We are still in the car and quibbling

as a wild duck makes an evanescent wake
across the phosphorous tide. The woman turns
to Brett and says: is this decadence? No man,
he mutters, just reflected glory up shit creek.

                   (‘After Brett Whiteley’)

Adamson’s early books, Canticles on the Skin, The Rumour (1971) and Swamp Riddles evoke the era’s social and political change. Underneath his then much-criticised masks and personae (romantic rebel, etc.) Adamson always kept his amused self-consciousness:

Dirty hypodermics rattle in the glove box –
morphine flows over the top of your brain –
an artery collapses – migraine floats out of your eyes.
Alright, there’ll always be glib explanations:
Cashing in on experience again?

                   (‘The Imitator’)

The Vietnam War and the alternating pessimism and protest pervade those books, less overtly than the Iraq invasion in The Goldfinches of Baghdad – ‘The unelected / President’s on the radio again, / laying waste to the world’ – with a bombed Iraq as backdrop for his stranded birds. But these monitory poems are the least typical. Many poems end with the image of a bird or animal, as if art’s purpose is contemplation of nature – or else that vision, inspiration, flies off beyond grasp.

In much of Adamson’s work, the poet is a permeable figure who becomes what he observes – giving the sense that experience and emotion can barely hold his attention or commitment for long, that the poet is always distracted by the shimmering involuntary activity of nature, more riveting in its inevitability than human agency or ambivalence – and requiring less thought.

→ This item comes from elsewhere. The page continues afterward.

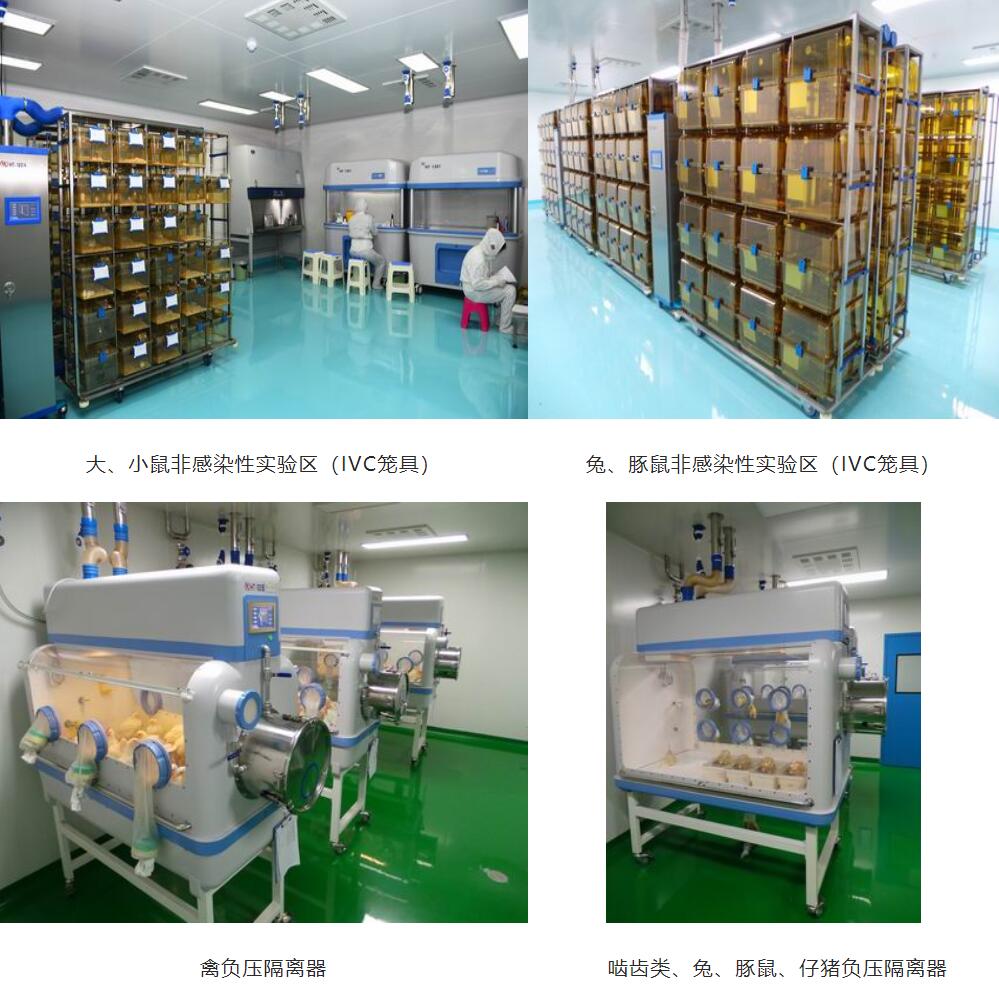 实验区隔离环境由屏障环境下的隔离器和独立通风系统(IVC)组成。目前共有隔离器201台:禽隔离器159台、啮齿类及豚鼠18台、兔12台、仔猪12台;正压IVC系统17套,用于啮齿类、兔、豚鼠非感染性实验,不同品系、不同等级的实验动物分区饲养。

Adamson’s imaginative renderings of birds and fish become the opposite of anthropomorphic – the observed world and the poet’s sensibility leak into each other in an enriching metamorphosis. It is almost as if the natural world is foreground, and the human is background, and that the poet’s thoughts and emotions – if even able to be separated – can have no stable or honest definition:

at night shooting stars draw lines
across the velvet dark
as I hang in a sling of light

between the bird’s nocturnal eyes.

                   (‘The Stone Curlew’)

In the old days I used to think art
that was purely imagined could fly higher
than anything real. Now I feel a small fluttering
bird in my own pulse, a connection to sky …
I stepped into the day, by following your gaze.

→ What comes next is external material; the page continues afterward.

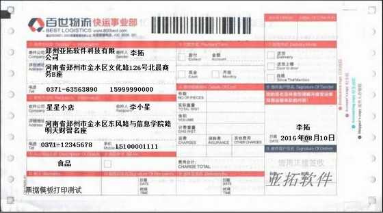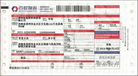 • 百世物流打印模板
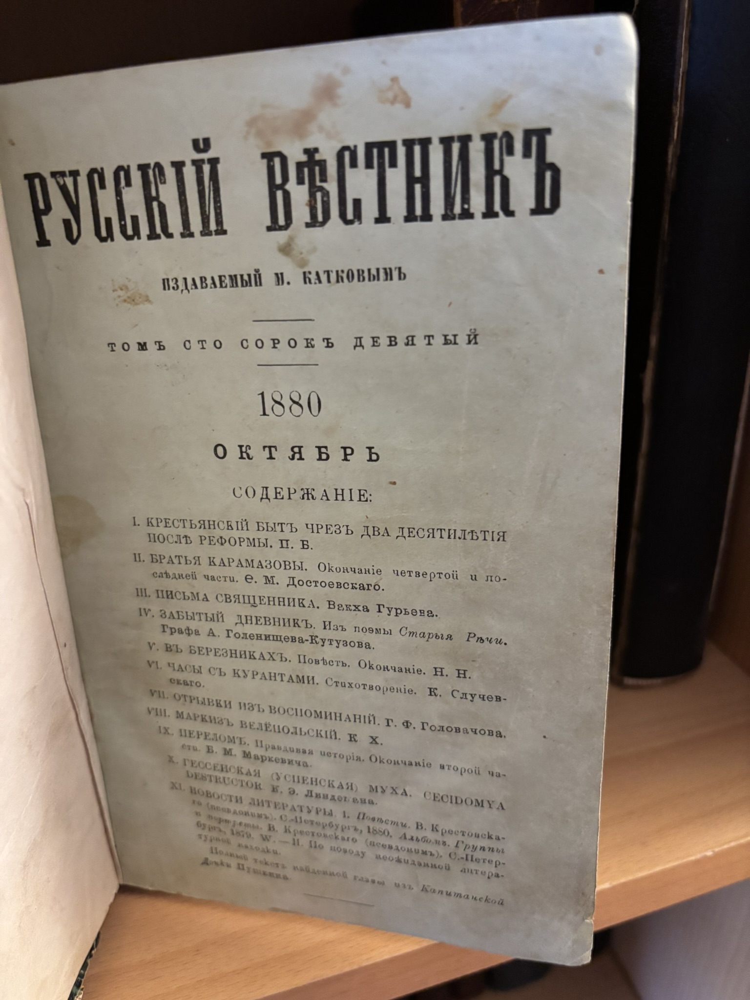 Ещё давно чудом откопал прижизненные публикации Достоевского, просто не ленясь читая оглавления, и помня годы выходов романов. Очень прикольно смотреть, как он был первым в журнале 1849 года. Потом мотался где-то низко с ПиН, а потом опять выстрелил с Бесами и БК.

                   (‘The Kingfisher’s Soul’)

There are many autobiographical poems – portraits of parents, relatives, friends like the well-known ‘Dreaming up Mother’. Another theme, the book’s penultimate section, is that of Orpheus (‘his song that could once / make rocks weep’) and Eurydice, reiterating the traditional view of art – the desire to build a monument to the past or to what’s passing.

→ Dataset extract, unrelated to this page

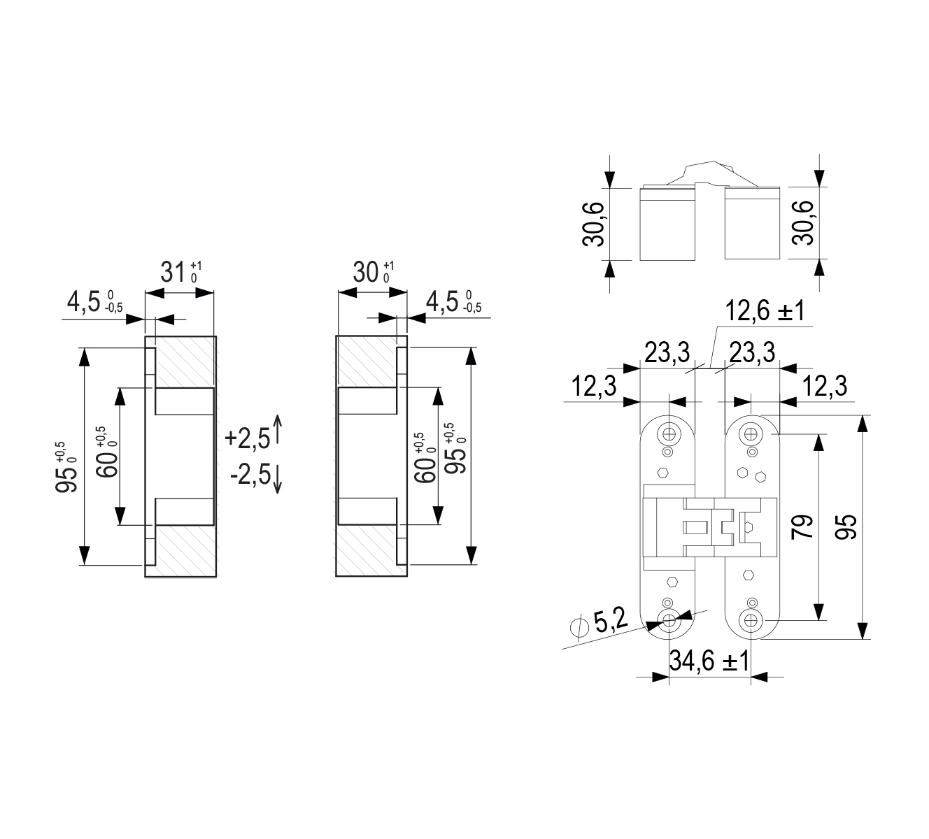 Hinge for rebateless doors with 3D adjustment. height +/- 2.5mm, anteroposterior + 3 / -2mm, laterally +/- 1mm. The maximum load capacity of the door is 45 kg for 2 pieces of hinges (60 kg for 3 pieces). Fireproof hinge design according to ANSI / UL 10C standard. Mounting template 256045 (frame) + 256048 (inserts)

My weakness can’t be measured.
My head contains thousands of images –
slimy mackerel splashing about in the murk.
My failures slip through my fingers pointed
at the best night of my life. This one.
                   (‘Thinking of Eurydice at Midnight’)

Adamson has many different styles of poems (‘A change of style is a change of subject’: Wallace Stevens), including the bristling, sarcastic poems that revel in the poet’s own self-destruction, and the love poems of his later work (‘My lies are for you, take them utterly, along / with the truth we are explorers for’). The Hawkesbury River that he has made his own is constantly twinned with ‘ink’ – ‘I use the murky river for my ink’, ‘I use the lake / as an inkwell’, ‘Each stroke of the oar stains it / with the inky clouds of thinking’, ‘the river / is like a blank page’, ‘I look out over the incoming tide, dark racks / of oysters jut from its ink.’ Many of Adamson’s poems are so dense with metaphor and images that meaning is almost impenetrable, and they are propelled more by internal rhyme than by narrative or intellect. The new poems are perhaps the clearest and often the most profound. His fishing motif can weary, yet Adamson’s intelligence avoids dropping these poems into a bucket of mush. He has often listed his influences as Mallarmé, Rimbaud, Robert Duncan, Robert Creeley, Hart Crane, Wallace Stevens and Francis Webb, as well as Michael Palmer, whose meditative work strikes an affinity with Adamson’s later books. But many earlier poems also echo poets of his generation: Michael Dransfield, John Tranter, Vicki Viidikas, sometimes Robert Gray and Gary Catalano.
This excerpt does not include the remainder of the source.